■ DATA RECORDS
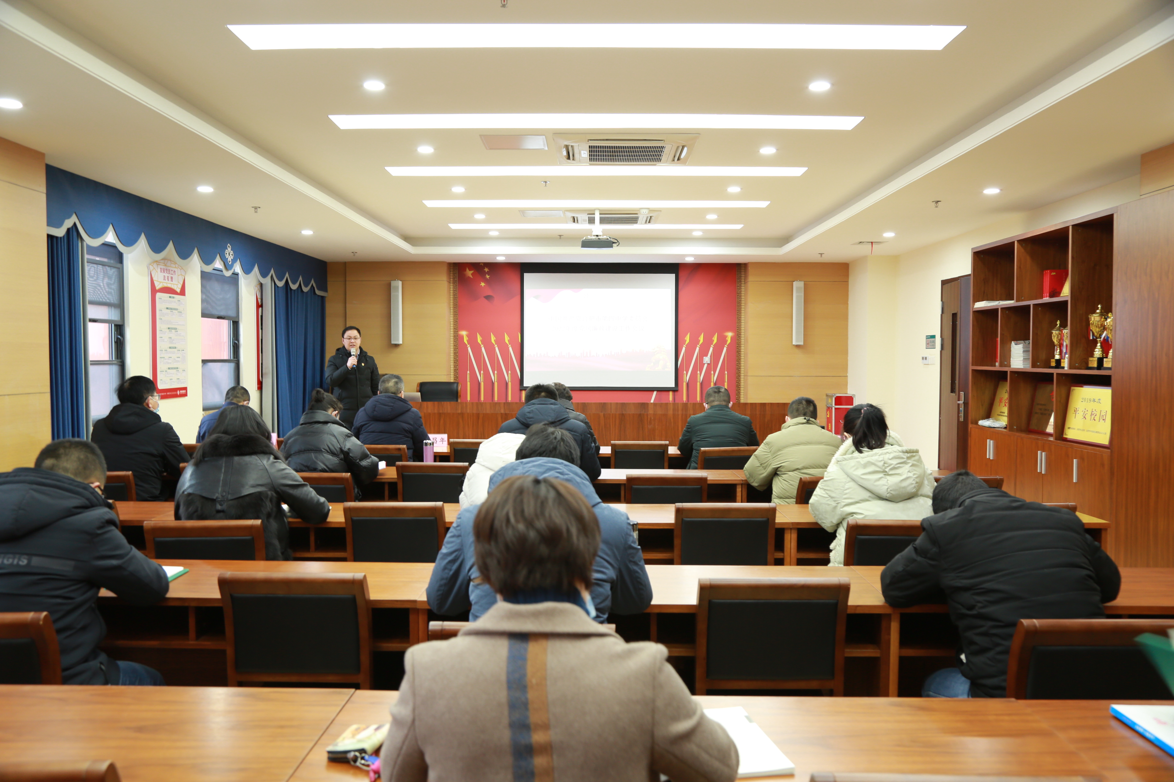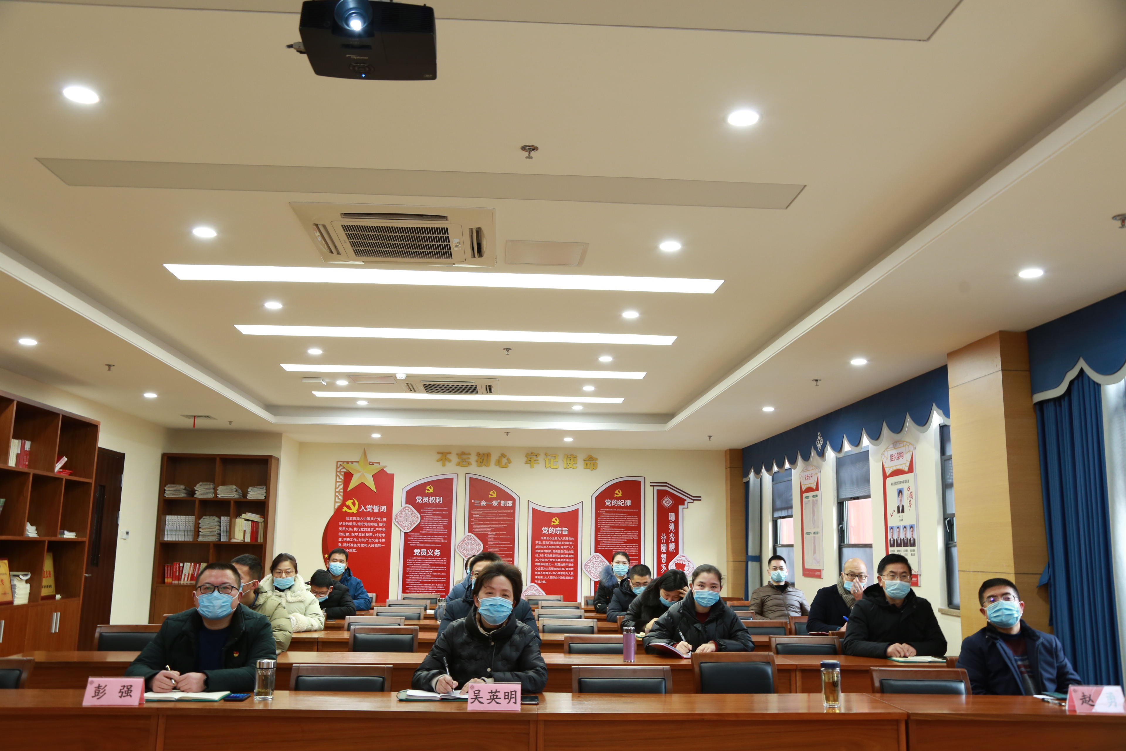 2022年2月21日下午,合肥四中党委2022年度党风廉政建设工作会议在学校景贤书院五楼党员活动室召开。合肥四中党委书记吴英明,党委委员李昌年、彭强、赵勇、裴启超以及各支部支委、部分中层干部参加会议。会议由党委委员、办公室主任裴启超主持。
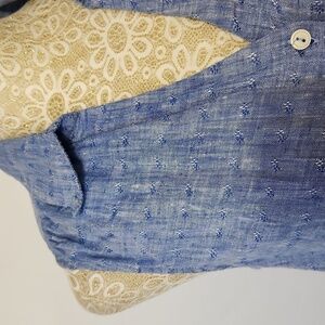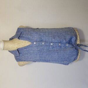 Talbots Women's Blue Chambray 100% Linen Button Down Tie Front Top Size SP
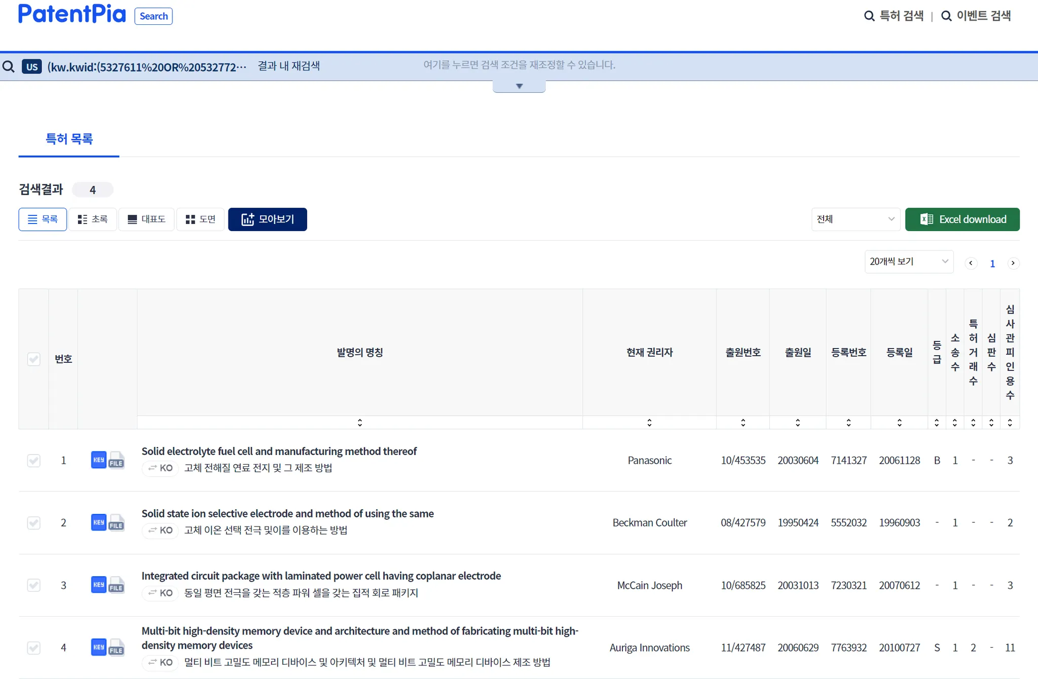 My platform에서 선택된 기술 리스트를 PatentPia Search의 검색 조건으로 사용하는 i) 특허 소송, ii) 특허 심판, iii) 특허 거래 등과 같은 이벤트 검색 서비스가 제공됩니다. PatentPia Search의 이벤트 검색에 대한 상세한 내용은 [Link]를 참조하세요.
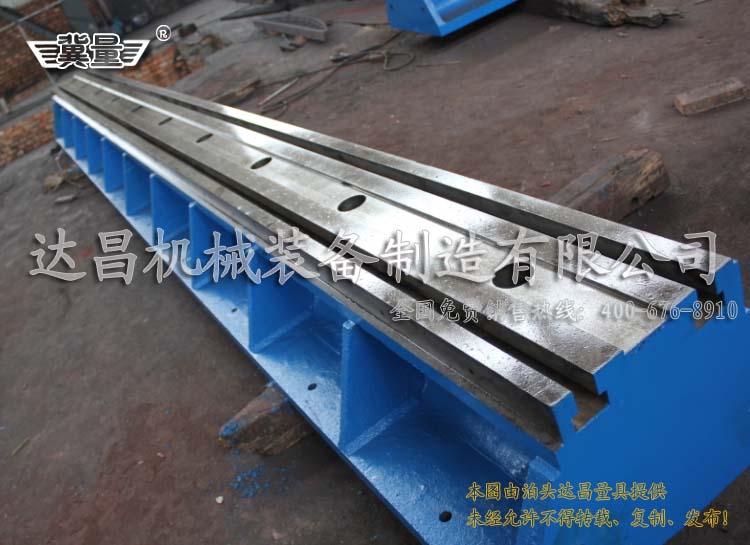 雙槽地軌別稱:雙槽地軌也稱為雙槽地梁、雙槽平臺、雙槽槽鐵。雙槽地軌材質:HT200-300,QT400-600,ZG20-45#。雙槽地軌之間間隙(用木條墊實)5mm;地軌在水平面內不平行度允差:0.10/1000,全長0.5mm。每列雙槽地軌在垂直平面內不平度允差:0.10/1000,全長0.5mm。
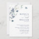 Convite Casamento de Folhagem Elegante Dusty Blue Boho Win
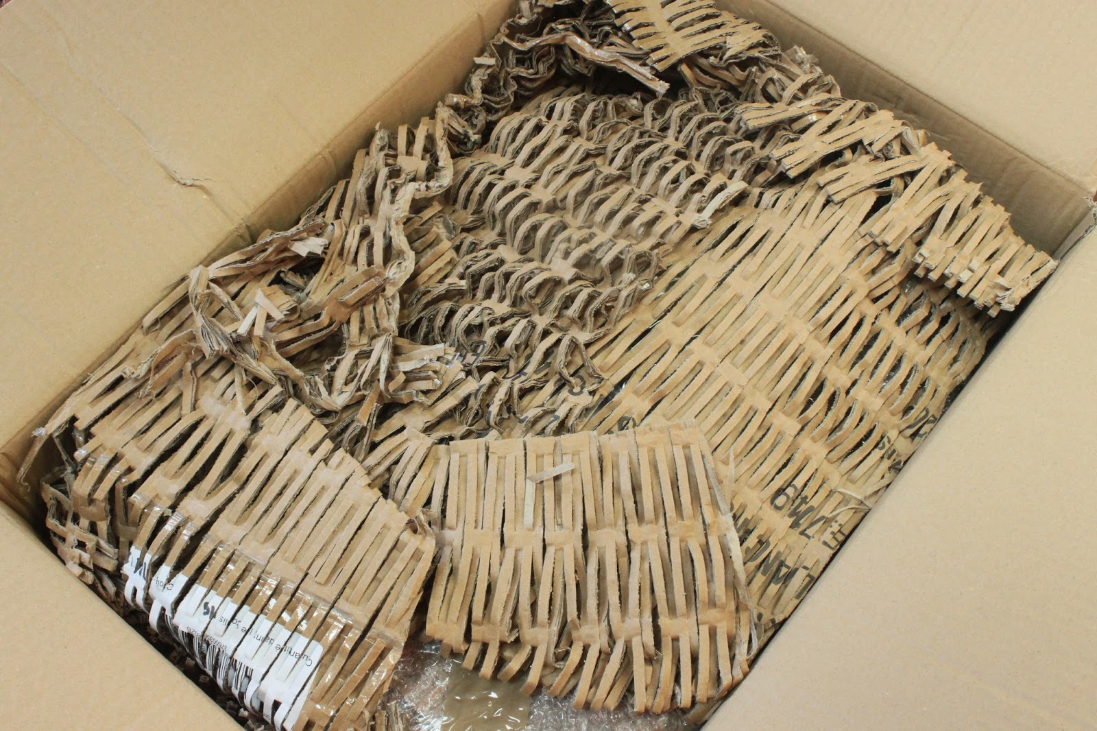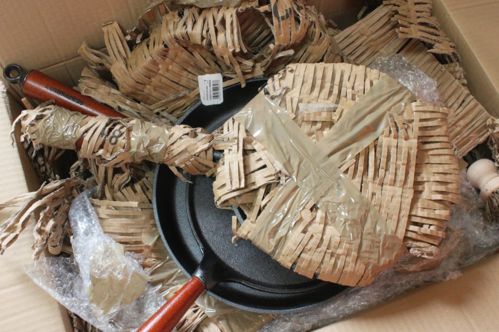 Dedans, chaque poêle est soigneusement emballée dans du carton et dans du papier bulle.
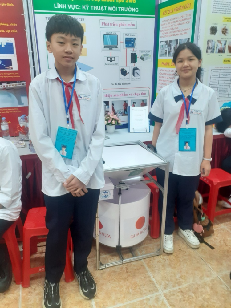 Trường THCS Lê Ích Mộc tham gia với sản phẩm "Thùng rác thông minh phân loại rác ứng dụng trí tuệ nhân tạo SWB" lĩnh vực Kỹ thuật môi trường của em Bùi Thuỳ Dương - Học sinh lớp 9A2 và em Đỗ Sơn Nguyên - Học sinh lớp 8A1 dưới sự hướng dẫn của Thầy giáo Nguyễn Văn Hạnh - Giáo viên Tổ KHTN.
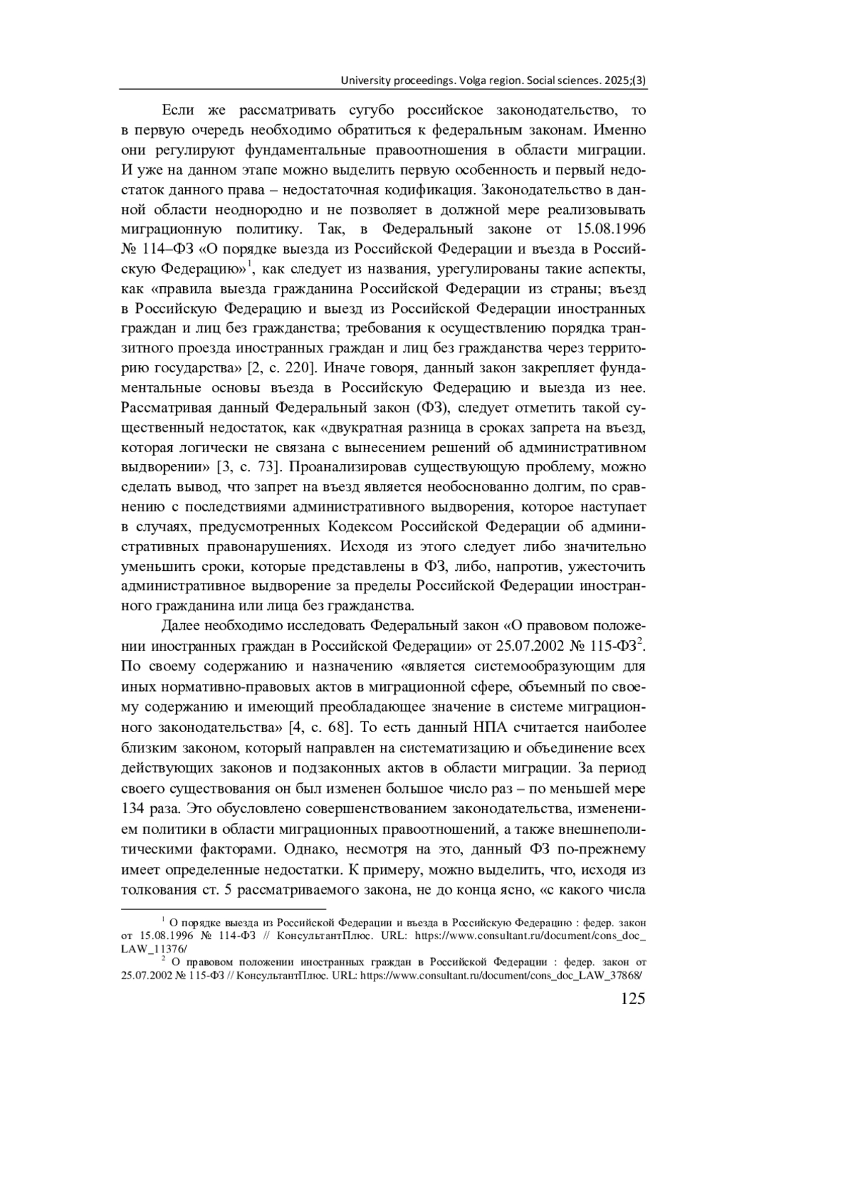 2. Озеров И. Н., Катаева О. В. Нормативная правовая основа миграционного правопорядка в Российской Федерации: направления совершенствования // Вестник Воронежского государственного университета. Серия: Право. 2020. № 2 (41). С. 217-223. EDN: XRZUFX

■ INSTRUCTIONS FOR THE TASK
Without the pictures, write out the lines from the beginning of the entries through the line with "Dedans, chaque poêle".

■ SOLVED PROBLEM
 2022年2月21日下午,合肥四中党委2022年度党风廉政建设工作会议在学校景贤书院五楼党员活动室召开。合肥四中党委书记吴英明,党委委员李昌年、彭强、赵勇、裴启超以及各支部支委、部分中层干部参加会议。会议由党委委员、办公室主任裴启超主持。
 Talbots Women's Blue Chambray 100% Linen Button Down Tie Front Top Size SP
 My platform에서 선택된 기술 리스트를 PatentPia Search의 검색 조건으로 사용하는 i) 특허 소송, ii) 특허 심판, iii) 특허 거래 등과 같은 이벤트 검색 서비스가 제공됩니다. PatentPia Search의 이벤트 검색에 대한 상세한 내용은 [Link]를 참조하세요.
 雙槽地軌別稱:雙槽地軌也稱為雙槽地梁、雙槽平臺、雙槽槽鐵。雙槽地軌材質:HT200-300,QT400-600,ZG20-45#。雙槽地軌之間間隙(用木條墊實)5mm;地軌在水平面內不平行度允差:0.10/1000,全長0.5mm。每列雙槽地軌在垂直平面內不平度允差:0.10/1000,全長0.5mm。
 Convite Casamento de Folhagem Elegante Dusty Blue Boho Win
 Dedans, chaque poêle est soigneusement emballée dans du carton et dans du papier bulle.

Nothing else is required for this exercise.